■ What you should do ■
Every entry is to be copied exactly as written, and the pictures are to be skipped.

── Provided material

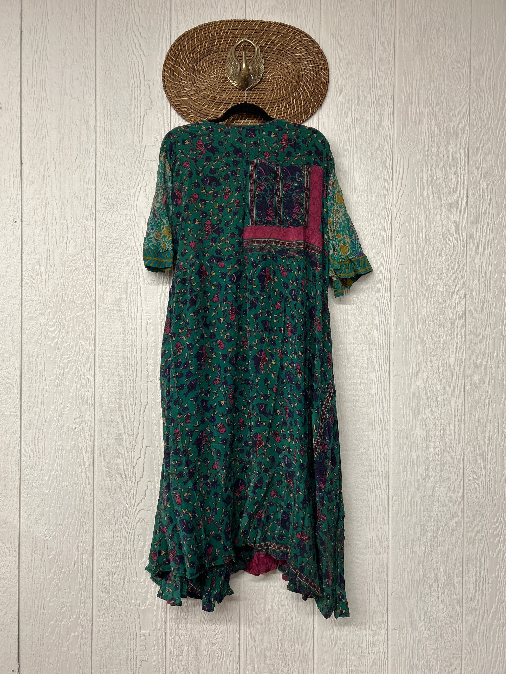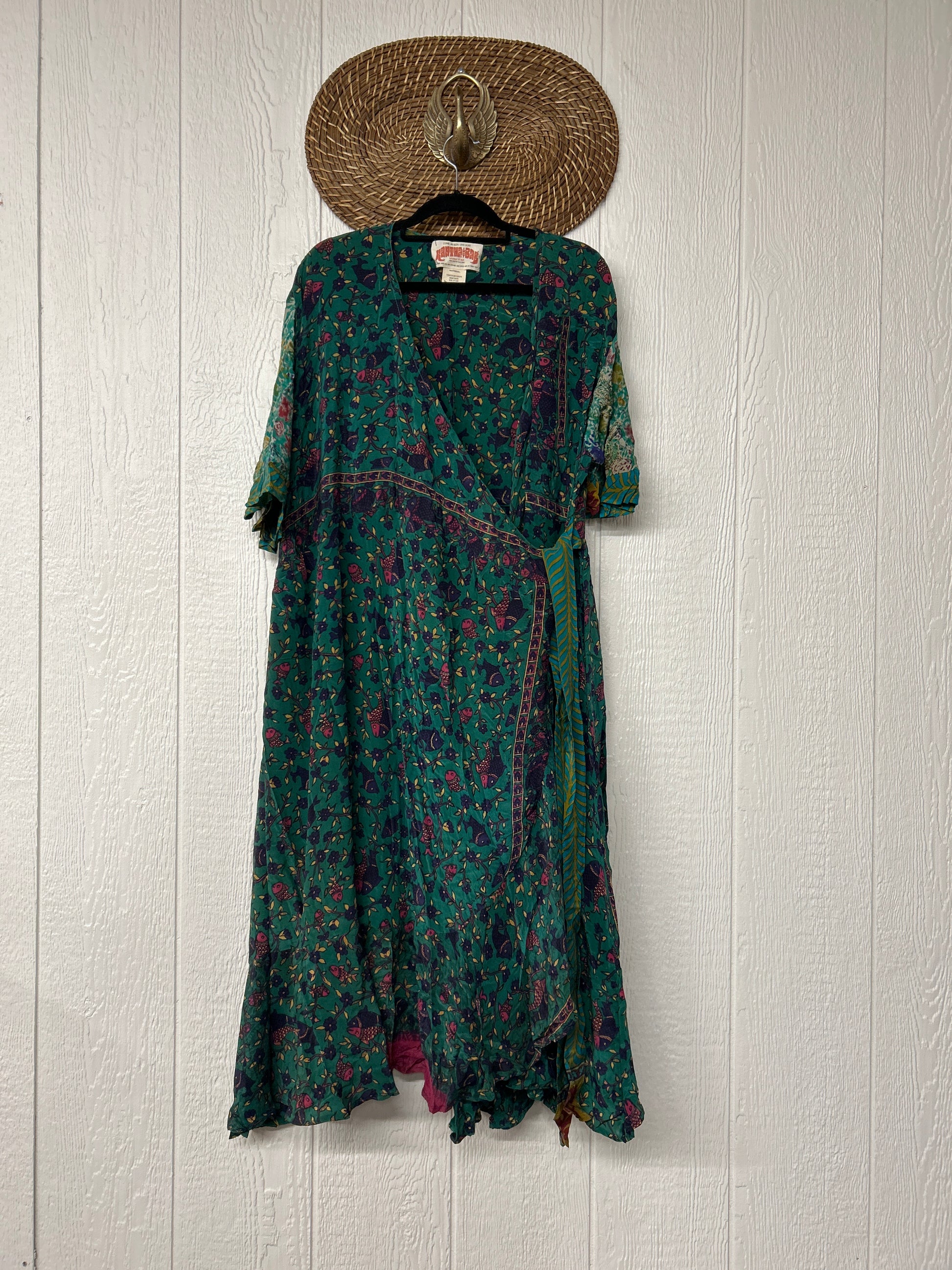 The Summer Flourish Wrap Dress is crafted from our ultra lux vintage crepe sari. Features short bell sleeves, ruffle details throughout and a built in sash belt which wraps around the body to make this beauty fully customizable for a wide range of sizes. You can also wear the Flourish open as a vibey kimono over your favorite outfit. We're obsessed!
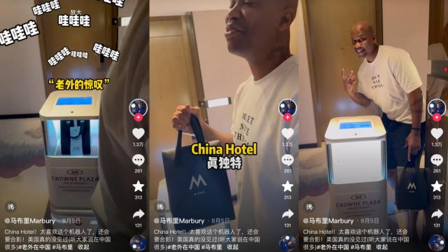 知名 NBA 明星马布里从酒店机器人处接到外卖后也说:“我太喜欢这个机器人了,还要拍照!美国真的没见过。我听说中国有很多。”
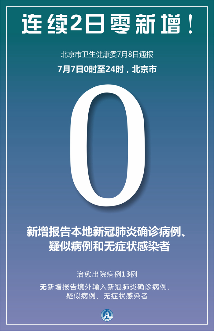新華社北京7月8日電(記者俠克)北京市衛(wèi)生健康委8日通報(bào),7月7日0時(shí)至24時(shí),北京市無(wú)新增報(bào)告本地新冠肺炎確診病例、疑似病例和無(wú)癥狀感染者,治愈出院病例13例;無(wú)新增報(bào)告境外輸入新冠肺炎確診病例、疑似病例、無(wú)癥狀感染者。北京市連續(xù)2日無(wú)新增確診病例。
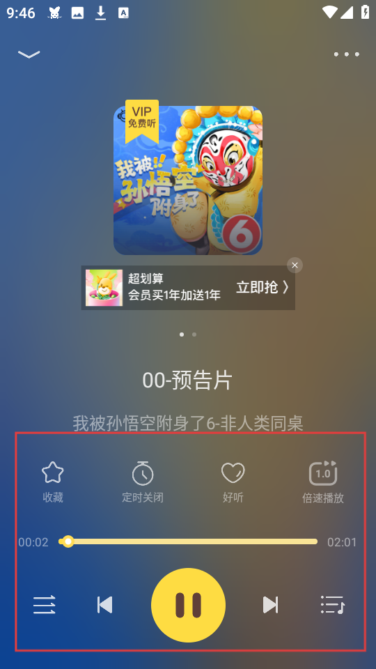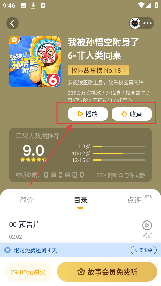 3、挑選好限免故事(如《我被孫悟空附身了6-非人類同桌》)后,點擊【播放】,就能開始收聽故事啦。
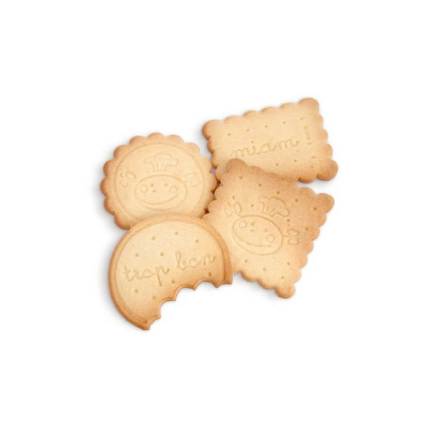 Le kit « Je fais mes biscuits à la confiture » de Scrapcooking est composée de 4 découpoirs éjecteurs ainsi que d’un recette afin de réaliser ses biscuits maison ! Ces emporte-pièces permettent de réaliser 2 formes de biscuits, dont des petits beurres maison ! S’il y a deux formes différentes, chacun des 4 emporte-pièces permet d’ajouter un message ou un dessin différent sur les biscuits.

────

■ Response box ■
 The Summer Flourish Wrap Dress is crafted from our ultra lux vintage crepe sari. Features short bell sleeves, ruffle details throughout and a built in sash belt which wraps around the body to make this beauty fully customizable for a wide range of sizes. You can also wear the Flourish open as a vibey kimono over your favorite outfit. We're obsessed!
 知名 NBA 明星马布里从酒店机器人处接到外卖后也说:“我太喜欢这个机器人了,还要拍照!美国真的没见过。我听说中国有很多。”
新華社北京7月8日電(記者俠克)北京市衛(wèi)生健康委8日通報(bào),7月7日0時(shí)至24時(shí),北京市無(wú)新增報(bào)告本地新冠肺炎確診病例、疑似病例和無(wú)癥狀感染者,治愈出院病例13例;無(wú)新增報(bào)告境外輸入新冠肺炎確診病例、疑似病例、無(wú)癥狀感染者。北京市連續(xù)2日無(wú)新增確診病例。
 3、挑選好限免故事(如《我被孫悟空附身了6-非人類同桌》)后,點擊【播放】,就能開始收聽故事啦。
 Le kit « Je fais mes biscuits à la confiture » de Scrapcooking est composée de 4 découpoirs éjecteurs ainsi que d’un recette afin de réaliser ses biscuits maison ! Ces emporte-pièces permettent de réaliser 2 formes de biscuits, dont des petits beurres maison ! S’il y a deux formes différentes, chacun des 4 emporte-pièces permet d’ajouter un message ou un dessin différent sur les biscuits.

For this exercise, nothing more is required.